Например: iptables, стоит ли трогать его, какие правила важно вписать в первую очередь? Что запретить, а что разрешить?

Другой пример: вбил netstat и кроме самого себя увидел в Internet connections какой-то китайский adsl-адрес (переподключался каждую минуту). Погуглив нашел его в блэклистах, как сканирующего ssh. Что это было: просто внешнее соединение, или он сумел авторизироваться?

Что стоить почитать в обязательном порядке? Какие книги, статьи, плейлисты с видео на ютуб? Что порекомендуете?

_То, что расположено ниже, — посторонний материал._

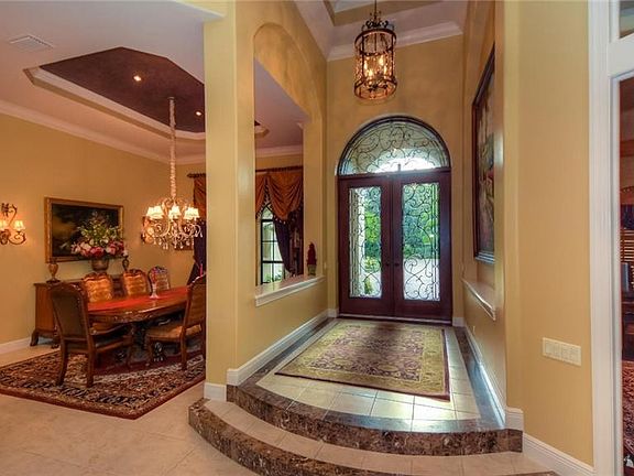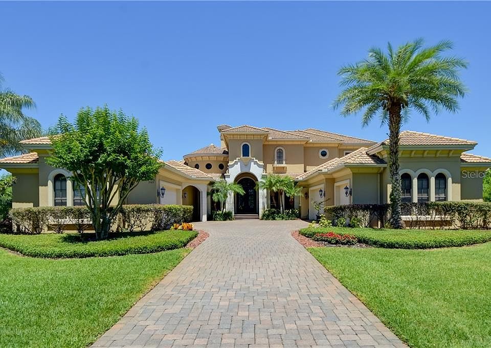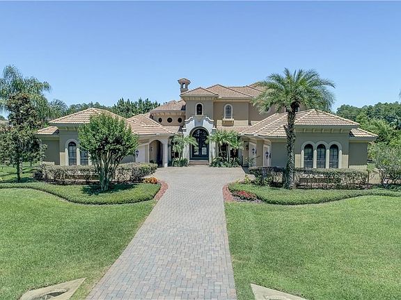 This majestic luxury Arthur Rutenberg home was custom designed with attention to detail throughout. Courtyard entrance leads to beautiful expansive foyer with open views of the formal Dining & Living room. A wall of windows in the formal living area with a fireplace, soaring trey ceilings, crown molding and finishes, abounds this open functional layout. A wet bar off the kitchen & formal Living room is perfect for entertaining. The Kitchen is Chef designed for the serious cooks. Kitchen is equipped with a large island, glazed maple cabinetry, additional granite counters and a walk-in pantry. First and Second floor Owner suites are great for generational families. First floor Owner Suite has a double door entrance with walk-in His & Hers closets, plantation shutters and morning bar. Owner Suite bath has sunken garden tub overlooking private courtyard and a roll-in shower. The study has 18' custom ceiling with a beautiful hand painted compass, porthole windows and custom built-in cabinetry. Secondary en-suite bedrooms downstairs offer walk-in closets, woods floors and crown molding. The second floor offers a bonus room with a custom granite bar & cabinets. Stacking corner sliders open to a large screened balcony that offers addition space for entertaining and views of tranquil backyard and pond. Second floor Owner suite is quite large with access to screened balcony. The Owner suite bath is complete with double sink vanity, garden tub and corner shower. Spectacular Theatre room is fabulous and just like being at the movies! The huge Laundry/Mud room is great for families. Pool/Spa is heated by solar and gas. A 5-car garage is a car enthusiast's dream! 5th car garage has AC. The backyard is fenced and has pergola for quiet sittings. Homes sits on almost an acre lot and has a well just for watering lawn and luscious landscaping. Home has too many upgrades to list. A Truly Impressive Home that is a Must See!

Заранее извиняюсь за нубские вопросы.

P.S. моя основная ОС не Linux, поэтому для его изучения предпочитаю только консоль, никаких отдельных установок дистрибутивов с GUI.

Comments

[Alexander Lebedev]

Используй файрвол, пропиши правила доступа, в дебиан при использовании зашифрованной системы, шифруются только rооt файлы и папки. на тебе волшебную кнопку для запускаж;[Desktop Entry]
Comment=cryptkeeper
Terminal=false
Name=(κρυπτόςγράφειν⌘)
Exec=gksu
Type=Application

[Alexander Lebedev]

загрузи cryptkeeper или аналог для трея и создания шифрованых дисков и папок, поддерживает смарт пароли (gnome soft)

[Bjornie]

lebedev444 это была хорошая попытка показать, что вы много знаете, но, к сожалению я ничего не понял.

[Alexander Lebedev]

если хочешь кнопку скопируй и вставь в текст редакторе, укажи правильно дату,имя файла, и коментарий должен быть на установленную программу, по этому установи ! напиши apt search [программа которую хочешь найти], sudо аpt-get instаll [имя из результата выше] не забудь аpt-gеt updаte и добро пожаловать в юникс!

Answer 1

[Tyranron]

Ряд моментов Вы уже сделали, но я все равно их опишу для полноты списка.

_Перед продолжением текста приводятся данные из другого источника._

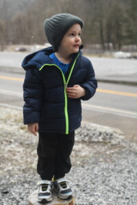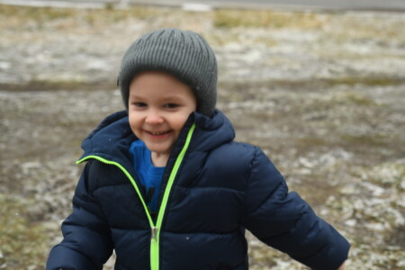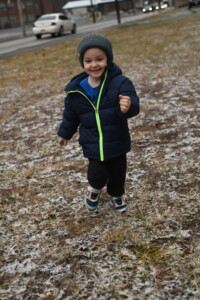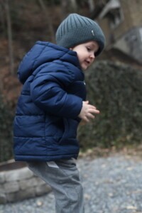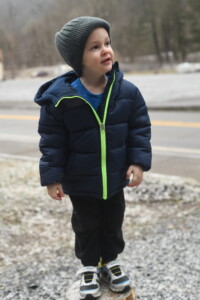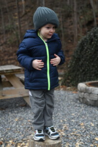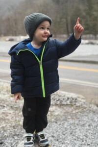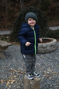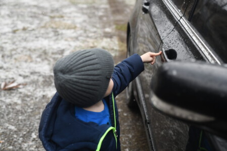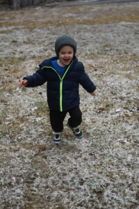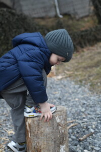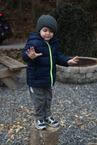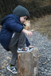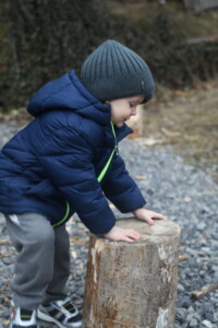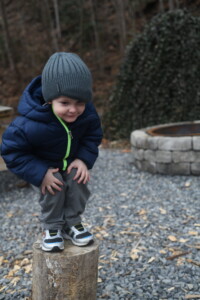 He also likes to get up on the wood-cutting stump on the gravel area and jump down, or clamber over and jump from the picnic table. And he locks the car by pressing the button. I couldn’t get pictures of him actually jumping, since he still likes me to at least hold one hand or catch him with both hands.

1. Создать отдельного пользователя и хороший пароль на sudo. Не использовать больше root напрямую. Совсем.

2. SSH. Отключаем метод аутентификации по паролю. Если Вам не нужны другие методы, то их тоже можно отключить, оставив только publickey. Отключаем возможность аутентификации root'ом. Включаем использование только 2й версии SSH протокола.

3. Устанавливаем Fail2Ban и настраиваем чтобы после нескольких неуспешных попыток подключения по SSH банило по IP на длительное время. Кол-во попыток и время бана можно тюнить в меру своей паранойи. У меня, например, банит на час после 2х неуспешных попыток.

4. Iptables. Действуем по принципу "запрещено все, что не разрешено". Запрещаем по умолчанию весь INPUT и FORWARD трафик снаружи. Открываем на INPUT'е 22 порт. В дальнейшем открываем порты/forwarding по мере необходимости. Если у нас предполагаются сервисы на соседних серверах нужные только для внутренней коммуникации (Memcached, Redis, и т.д.), то открываем для них порты только для определенных IP. Просто так торчать наружу для всех они не должны.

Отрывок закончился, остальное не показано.